**WORK INSTRUCTIONS**
When you reach the line with "FUTBOL TV telekanalining" in the data below, begin printing lines exactly, and stop once the line with "Hi all, I want" has been printed.

**SUPPLIED INFORMATION**
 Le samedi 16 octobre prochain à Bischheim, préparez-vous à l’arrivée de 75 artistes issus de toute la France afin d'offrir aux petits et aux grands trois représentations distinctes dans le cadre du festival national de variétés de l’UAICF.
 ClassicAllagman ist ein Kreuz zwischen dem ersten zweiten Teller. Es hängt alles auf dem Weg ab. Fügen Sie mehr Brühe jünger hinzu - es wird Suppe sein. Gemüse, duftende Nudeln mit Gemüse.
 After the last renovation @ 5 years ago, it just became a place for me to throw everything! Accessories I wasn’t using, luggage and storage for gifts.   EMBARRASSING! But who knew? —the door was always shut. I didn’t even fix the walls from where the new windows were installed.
* * *
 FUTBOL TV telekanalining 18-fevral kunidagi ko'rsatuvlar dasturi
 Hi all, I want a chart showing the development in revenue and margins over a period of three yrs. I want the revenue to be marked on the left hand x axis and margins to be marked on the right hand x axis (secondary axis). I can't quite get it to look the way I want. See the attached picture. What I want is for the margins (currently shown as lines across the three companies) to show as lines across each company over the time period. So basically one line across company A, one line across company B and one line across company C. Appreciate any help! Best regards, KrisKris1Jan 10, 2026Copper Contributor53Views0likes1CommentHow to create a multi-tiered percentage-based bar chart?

**TASK ANSWER**
 FUTBOL TV telekanalining 18-fevral kunidagi ko'rsatuvlar dasturi
 Hi all, I want a chart showing the development in revenue and margins over a period of three yrs. I want the revenue to be marked on the left hand x axis and margins to be marked on the right hand x axis (secondary axis). I can't quite get it to look the way I want. See the attached picture. What I want is for the margins (currently shown as lines across the three companies) to show as lines across each company over the time period. So basically one line across company A, one line across company B and one line across company C. Appreciate any help! Best regards, KrisKris1Jan 10, 2026Copper Contributor53Views0likes1CommentHow to create a multi-tiered percentage-based bar chart?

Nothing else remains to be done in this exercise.